When I started filming back in June it was getting light at 3am and it all felt quite different. I was filming at 9.30 am instead of 8.30, because of daylight saving. It is cold, wet and dark and I often have to boil a kettle to melt the ice from the platform. I need a torch to set up and have been hearing owls while filming. It is hard to imagine myself stepping back on to the platform in six months with the sun in my eyes.
Since I began I have been bitten by midges, rained, snowed and hailed upon. I have tied the tripod down against hurricane force winds, dug a trench to divert a stream and built a path of pebbles to stop it sinking into a bog. I have done a lot of thinking and learnt a few things some practical some profound.
The whole thing has been an exercise in acceptance, however when I looked up antonyms for the word, I got a long list of lot of words people have used to describe me; stubborn, impatient, willful, headstrong, rebellious . . . I could go on. Maybe the first thing I need to accept is that I am often looking for a fight. And if I were not most of these things I probably wouldn’t be doing this project in the first place.
I’ve learnt that the tides don’t just go in and out as you imagine they do. There is a whole science dedicated to understanding how the gravitational pull of the sun and moon on the earth and the earths own rotation effects bodies of water and it is quite complicated. Even more interestingly the solid parts of the earth are affected by tides too. Which kind of changes how you understand the word ‘solid’. Everything it seems is in a state of movement, or flux beyond rigid control.

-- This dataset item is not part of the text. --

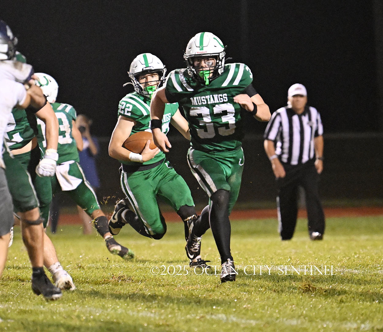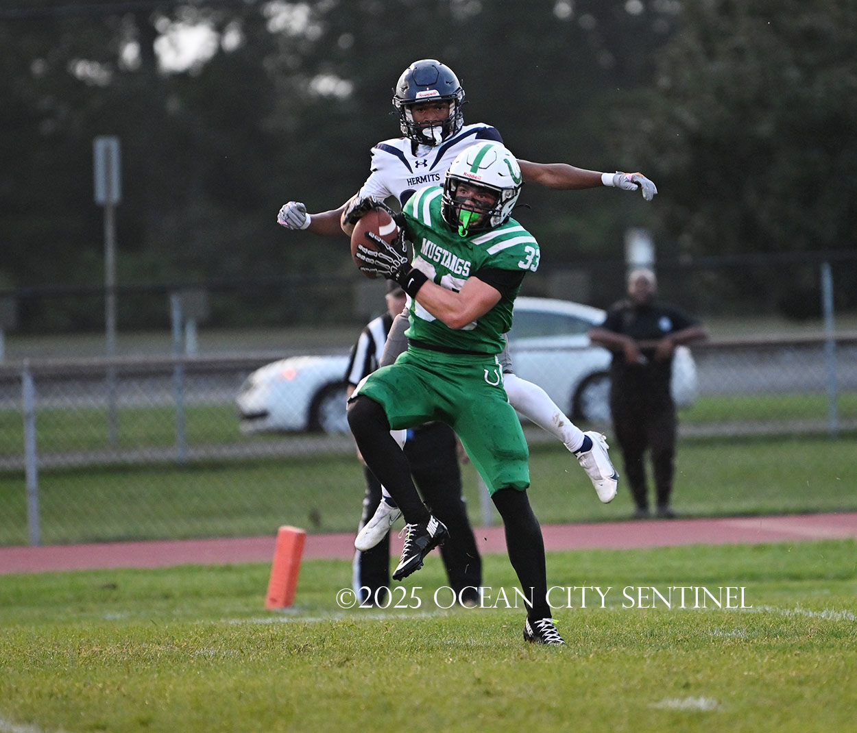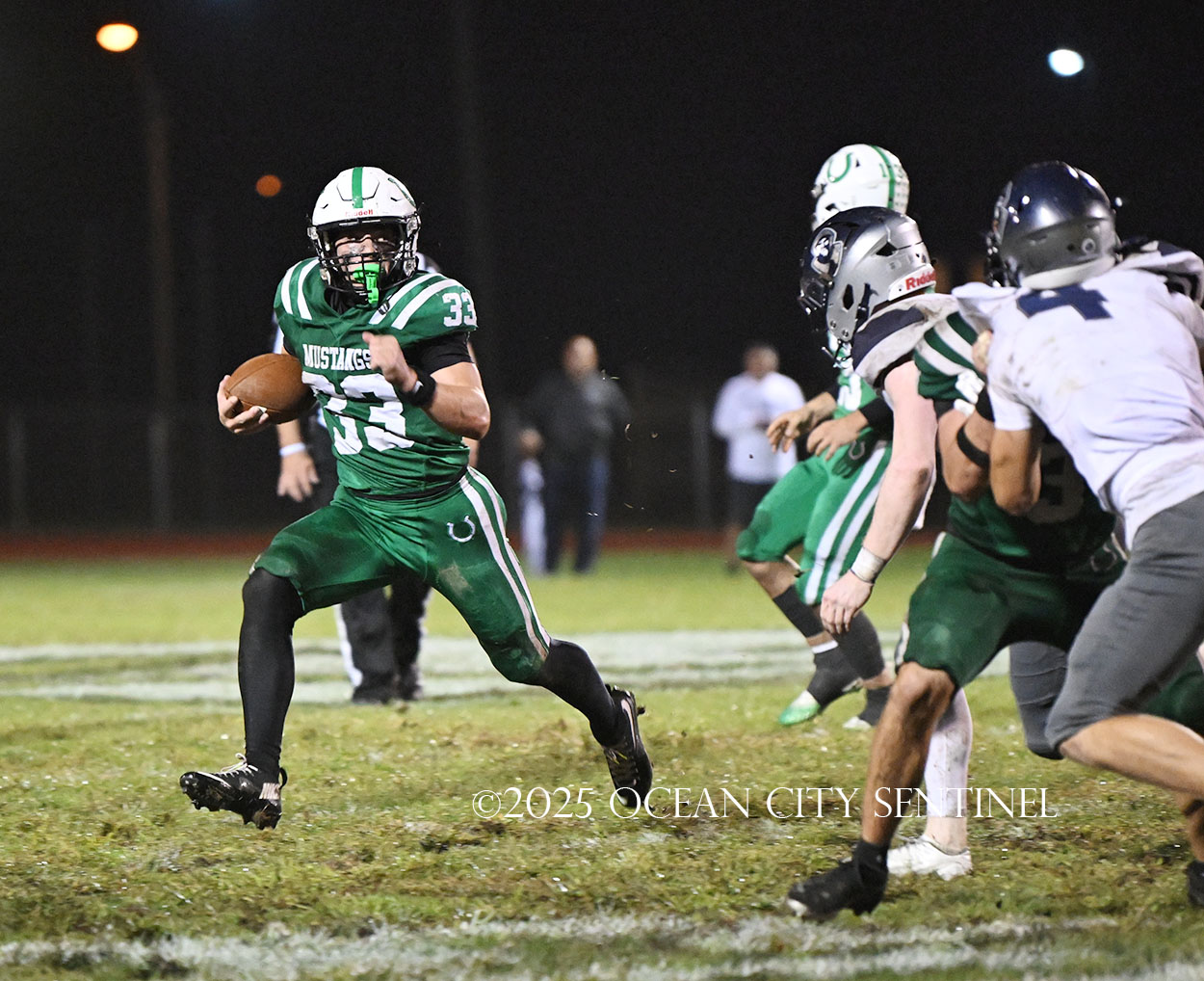 Starting from their 20, the Hermits moved forward 27 yards on a McLeer run. On 3rd and 9 from Mainland’s 44, the defense was called for holding, moving St. Augustine to the 34. Chirico picked up a couple of first downs running to move the ball to the 10-yard line and an encroachment call moved it to the 5, but that’s where the Mustang defense dodged another bullet.

I have learnt that large gradual changes are much harder to detect when things fluctuate quite wildly on a daily basis. This is true of the light, of seasons and of self.
This and the movements of the tides are distinctly different from how I first imagined the film would look.
I have also thought a lot about different kinds of film making, about observing others in attempt to shed light on ones self and of attempting to share personal experience in order to see if other people feel the same too. I have thought about the way our brain records experiences as memories and the desire to capture and record in different kinds of ways. Is it a fear of losing the moments or ones self?
I’m not going to lie and say the last six months hasn’t been hard, I have struggled with not being able leave, with not being able to have a proper lie in, with the routine it has imposed on my life and opportunities I have not been able to take, but it has brought many things including an appreciation of the different ways one can gain perspective without getting on a plane or a train.
On that note I was recently imagining myself as an old lady looking back on this year and the film. I am certain I will be glad I had this experience and I will almost certainly laugh at myself too (affectionately of course). When I am eighty this year won’t feel very long at all.